Panel sees race conversation as a needed ongoing dialogue
Start a conversation about race and its effects on society, keep it rolling and take action in your own life — first — to stop racism.
That was the consensus at a panel discussion last week called “A Conversation About Race” at Johnson County’s Central Resource Library in Overland Park. About 50 people attended the event.
The presentation was part of the library’s “Beyond Skin” programming theme and was funded by the Johnson County Library Foundation through its Lauffer Civic Engagement Fund. The event was geared toward high school teachers and their students but was open to the public.
The panelists:
▪ Carol Burns: filmmaker, photographer, journalist and doctoral student in American film and media studies at the University of Kansas.

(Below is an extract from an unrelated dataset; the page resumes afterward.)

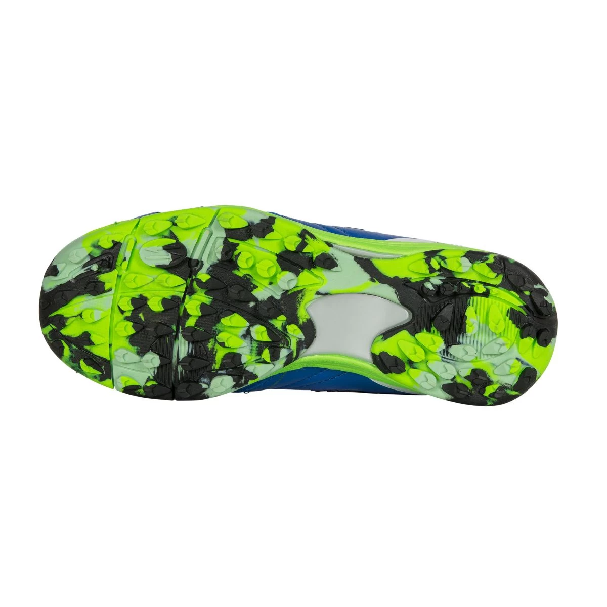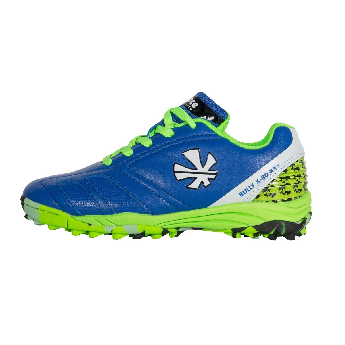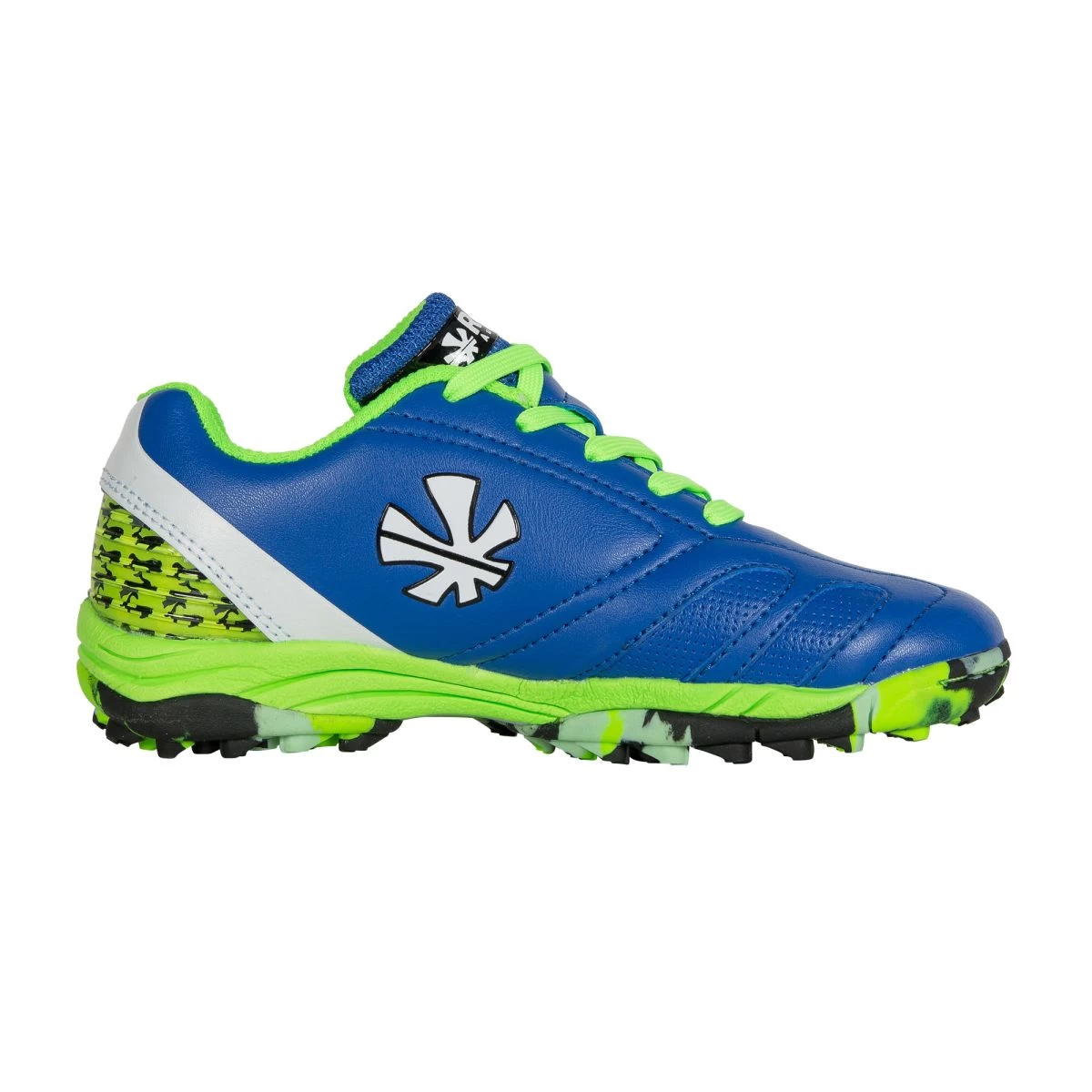 This outdoor hockey shoe for juniors offers optimum grip thanks to the durable studded sole. The studs are positioned to provide maximum grip in all directions and optimally distribute the pressure on the foot. The shoe provides excellent cushioning thanks to the lightweight, extra shock-reducing insole. The sturdy but breathable upper feels soft and provides good support to the juniors feet. Sizes 28 to 35 the shoe is fitted with a Velcro closure and from size 36 with lacing.

▪ Pete Cowdin: artist and co-owner of children’s bookstore Reading Reptile in Kansas City.
▪ Shane Evans: artist and owner of Dream Studio in Kansas City.
▪ Michelle T. Johnson: writer, public speaker and diversity consultant/trainer who writes a column called “Diversity Diva” in The Kansas City Star’s business section.
▪ Uzziel Pecina, assistant professor in the University of Missouri-Kansas City’s School of Education.
▪ Bill Tammeus: former columnist and reporter for The Star.
Paul Richardson, an English teacher at Washington High School in Kansas City, Kan., moderated the discussion. He started with an open-ended question: “How has race affected you?”
“I live in America,” Johnson said. “How has race not affected me?”
Johnson, who is African-American, recounted an incident at her private, predominantly white high school in Kansas City. Some classmates were discussing their ACT scores. One asked Johnson about her score, which had ranked her above the 90th percentile in the nation, she said.
“Oh, was that for black students?” Johnson said her classmate had asked her.
Her response: “No, that would be for everybody in the country who took the ACT that day, which would include you.”
“That’s one of those examples of, whether I’m thinking about race, race oftentimes has a way of thinking about me,” Johnson said.
Burns recalled being around 5 when a Census taker had come to her home and asked what race she and her mother and were. Her mother said they were Native American. The Census taker’s response: “We’ll just put ‘white.’”
“I know that I’m an Indian,” Burns said. “I know who I am.”
Cowdin, who’s white, described his childhood as “very white-bread.”
“When I got to junior high, it was at the height of busing in the early ‘70s, and I was terrified,” he said. “I was scared of black people, because … I didn’t know any black people, and it was very threatening.”
Tammeus described his life at age 5 in Woodstock, Ill., a town of about 7,000 people at the time, “almost all white.”
“We had, actually, one black family and one Jewish family in Woodstock,” he said.
At age 11, Tammeus was part of a Boy Scout troop that for three years in the 1950s put on minstrel shows, “all of that kind of ridiculous stuff, racist stuff.”
“The only reason that I did not appear in one of those minstrel shows was that, at age 11, my parents moved our family to India for two years … and I became a minority,” he said. “And so, I began to get a little more sensitized to what it means to be a minority in a majority culture.”
Later in his life, Tammeus said, as a journalist, he discovered that “this is a really complicated issue.” He went on to write a series of stories for The Star in 1975 about racial turnover in the city and the factors underlying it.
“It has to do with things beyond racism,” he said. “… (W)hen you think about how to define racism and what it is, don’t stop talking, because when you stop talking, you’ll think that’s the last thing to say about it; it’s not. There’s more to say about it, and it’s more complicated than what you just said.”
Pecina said that, as an academic, “when you use the word ‘race,’ I have to put that aside because it doesn’t exist.”
“It’s a social construct,” he said. “It was created by human beings. We aren’t different races. … We were all the same. We’re all part of the human race. We all have cultural identities.”
Pecina grew up in Kansas City’s West Side neighborhood. He had black friends and white friends.
“We had to get along with each other,” he said. “So we learned about each other. We fought with each other. We cried with each other.”